# Magic Math: Liliana, the Last Hope

Last week, I studied Deploy the Gatewatch and Lupine Prototype from a quantitative perspective. Today, I’ll analyze another Eldritch Moon card that made an impact on the SCG Open in Columbus last weekend.

# Liliana, the Last Hope

Any 3-cost planeswalker is valuable because of their low mana cost, and Liliana is no exception. Her abilities are quite powerful, too. The +1 takes out a fresh Thalia’s Lieutenant or Mausoleum Wanderer, the -2 fits well in delirium deck, and the ultimate takes over the game quickly.

## How often will you hit a creature off of her -2?

If you already have a creature in your graveyard, then you are guaranteed to bring one back, obviously. If you don’t have a creature in the bin yet, then the probability of a blind hit depends on the number of creatures in your deck. Let’s take a look at a few well-performing decks from last weekend.

# GB Delirium

### Todd Stevens, 20th Place at SCG Standard Open

If your graveyard is empty when you activate Liliana‘s -2, then the probability of hitting at least 1 creature in this 20-creature deck is equal to 1 – [ (59-20)/59 * (58-20)/58 ] = 0.567 or 56.7%. So it’s a bit of a gamble, but it still draws you over half a card in expectation.

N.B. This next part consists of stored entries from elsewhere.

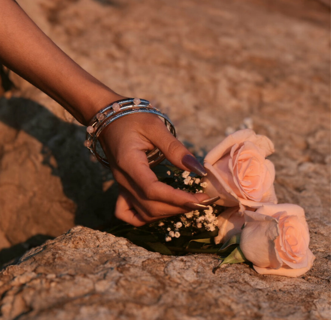 The Maniobra Bangles are crafted with the intention to adorn our arms in recognition of their sacred nature & to strengthen our intentions with them.
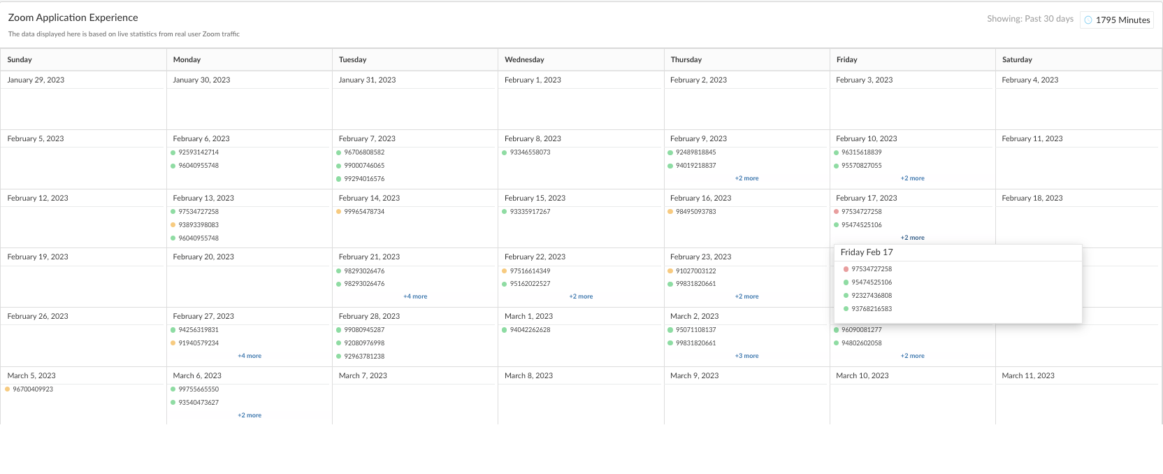 view with their meetings listed on each day. This calendar is populated using Zoom call
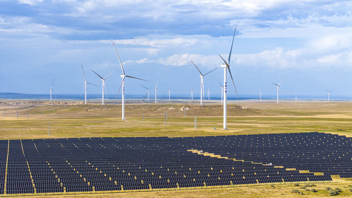 在新疆阿勒泰地區(qū)吉木乃縣拍攝的50萬千瓦時(shí)風(fēng)電項(xiàng)目配套輸電線路建設(shè)現(xiàn)場(2025年7月1日攝,無人機(jī)照片)。新華社發(fā)(努爾別克·努爾曼 攝)

And even if you miss, you may get closer to delirium, which is super important for this deck due to Gnarlwood Dryad, Grim Flayer, Mindwrack Demon, and Ishkanah, Grafwidow. For that reason, I like the clean split of 4 planeswalkers, 4 enchantments, 4 instants, and 4 sorceries in this deck.

Note: As always, the math is trivial, but the question of what probability you’re actually interested in is not. The interpretation of the above probability is that you remove Liliana from the deck and put her ability on the stack for the remaining 59-card deck. If the deck is random, you could remove any number of cards from the top of the deck, and you would still have the same probability. Hence, it applies to any turn in the game, and therefore I like to use these numbers to gain insight for deck building purposes.

There are alternative approaches, but they all have their downsides. If you consider the scenario where you remove 3 lands and some other cards from the deck before activating Liliana, then you run into the issue of only being applicable to a very specific situation. So I definitely don’t like that interpretation. I do like approaches where you determine a probability conditional on having drawn at least 1 Liliana and having at least 3 lands on the battlefield after mulligans. These are relevant, but they cannot be easily determined analytically. Ultimately, I think my approach strikes a good balance between simplicity and applicability.

# Sultai Control

### Ali Aintrazi, Top 4 at SCG Standard Open

Thanks to 1 Ishkanah, Grafwidow and 1 Emrakul, the Promised End, this deck cares about having different card types in the graveyard, but the main role of Liliana in this deck is to peck off 1-toughness creatures (which, if Liliana is popular, are quickly becoming poor inclusions in Standard decks) and to return big threats in the late game. And thanks to 4 copies of Languish, this deck can easily reach the late game.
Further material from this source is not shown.